(Extracted records)
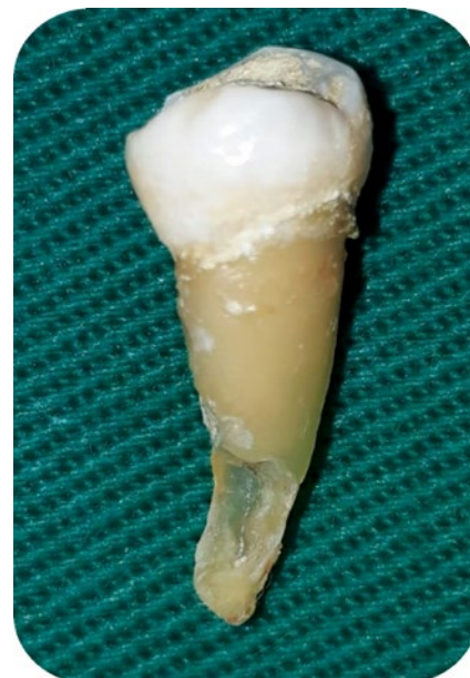
Figura C 2: Elemento 35 postexodoncia. Con evidencia de reabsorción o fresado de tercio apical
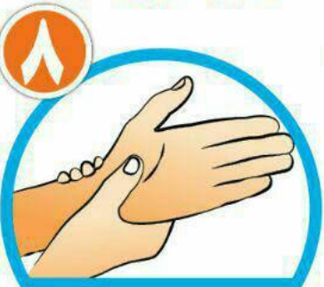
دور مچ هر دو دست را بشویید.
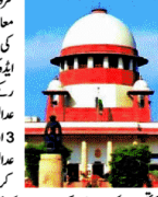
سیکشن 3 اور 4 کے تحت جج کمیٹی آف انڈیا تشکیل دی جائے: سپریم کورٹ۔

سیکشن 3 اور 4 کے تحت جج کمیٹی آف انڈیا تشکیل دی جائے: سپریم کورٹ۔ سیکشن 3 اور 4 کے تحت جج کمیٹی آف انڈیا تشکیل دی جائے: سپریم کورٹ۔
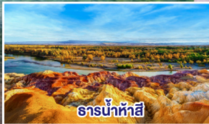
ธารน้ำห้าสี
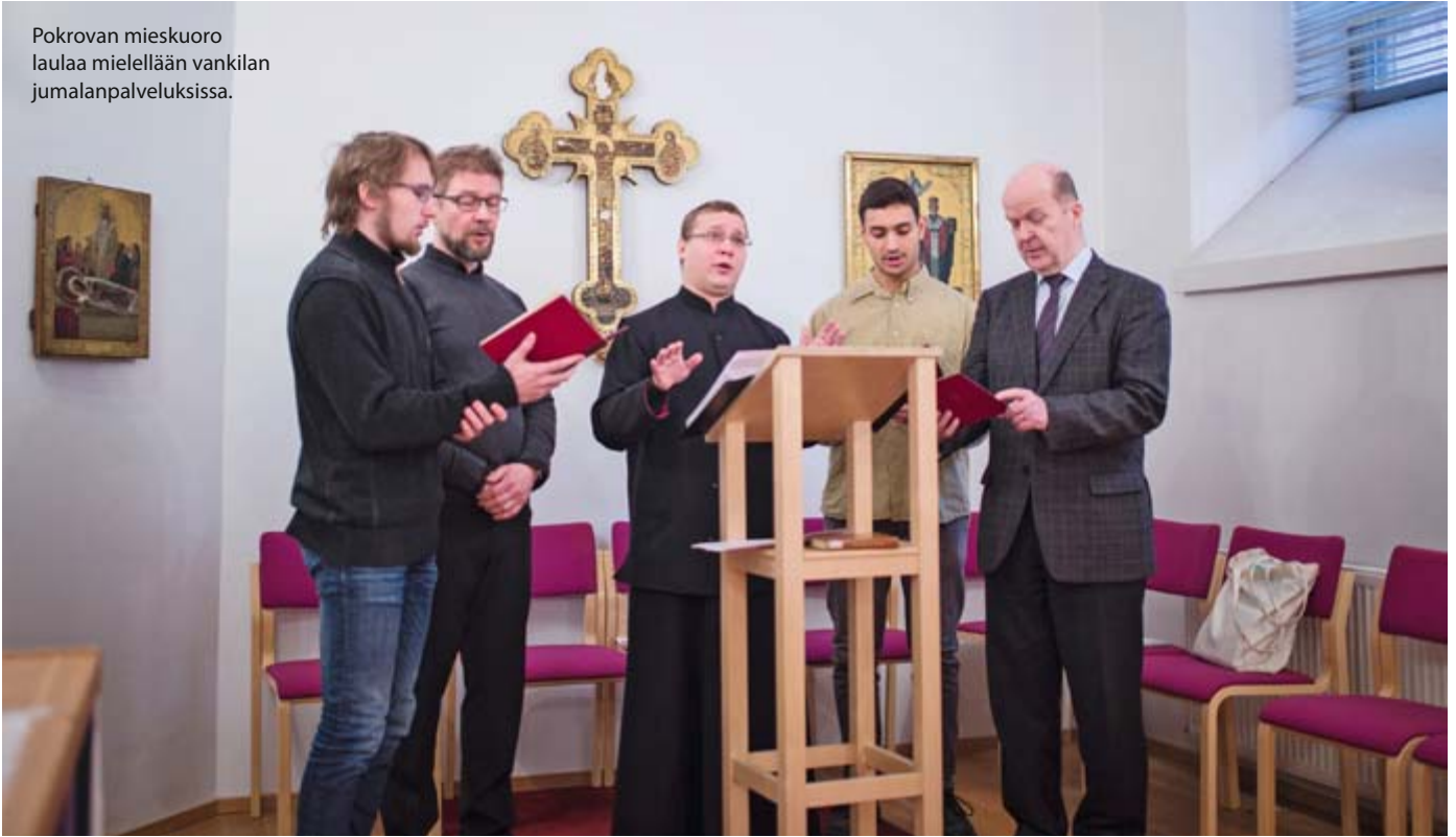
Pokrovan mieskuoro laulaa mielellään vankilan jumalanpalveluksissa.

kien matkojen päässä. Sitä saa itse olla vä- lillä ikään kuin äitinä ja isänä tässä työssä.
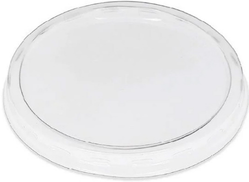
TAPAS PARA TARRINAS CAJA 100 UDS.
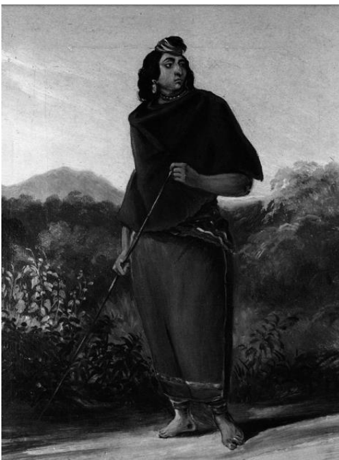
Imagen 7: Belleza Araucana

Y lo pintoresco se constituye en un camino para asimilar esta experiencia, vale decir, para domesticar lo desconocido y reorganizar lo desestructurado. El lenguaje artístico proporciona un instrumento mediador, que permite reacomodar la realidad de acuerdo con cánones predeterminados. 89
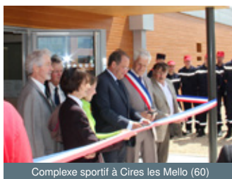
Complexe sportif à Cires les Mello (60)
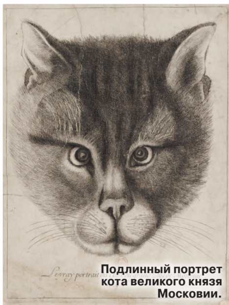
Портрет Вацлава Холлара

В Национальной библиотеке Франции хранится удивительная гравюра, о существовании которой большинство из нас даже не подозревает. «Подлинный портрет кота великого князя Московии» 1663 года — работа чешского художника Вацлава Холлара — единственный подобный образец в истории искусств, считается, что этот портрет — самое раннее изображение домашней кошки на гравюре в России. А изображен на нем любимец самого царя Алексея Михайловича Романова. Имени пушистика история не сохранила, но зато до нас дошел его умильный старинный портрет. Примечательно, что тогда в России подобных живописных образов, настолько реалистичных, было довольно мало, а если и выполнялись чьи-то портреты, то это уж точно не были животные, да и сам портрет в современном его понимании распространен не был — тогда предпочтению отдавали парсуне, раннему жанру портрета, характерному для России в том числе в эпоху Алексея Михайловича.
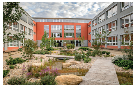
Dešťová voda ze střech nebo zpevněných ploch může být svedena do dočasného potoka a vsakovat se v dešťovém biotopu jako v atriu 3. ZŠ u Říčanského lesa v Říčanech.

K cestě do školy bez aut můžete motivovat celou školu jeden den v roce – Den bez aut (22. 9.), nebo klidně celý měsíc – např. květen. Pomohou k tomu atraktivní ceny jako vstupenky na laser game nebo do trampolínového parku ( ZELENÉ CESTY DO ŠKOLY ).

• [TASK PROMPT]:
Only a number is required here: the count of lines in these entries that hold "Холлара".

• [EXERCISE RESPONSE]:
2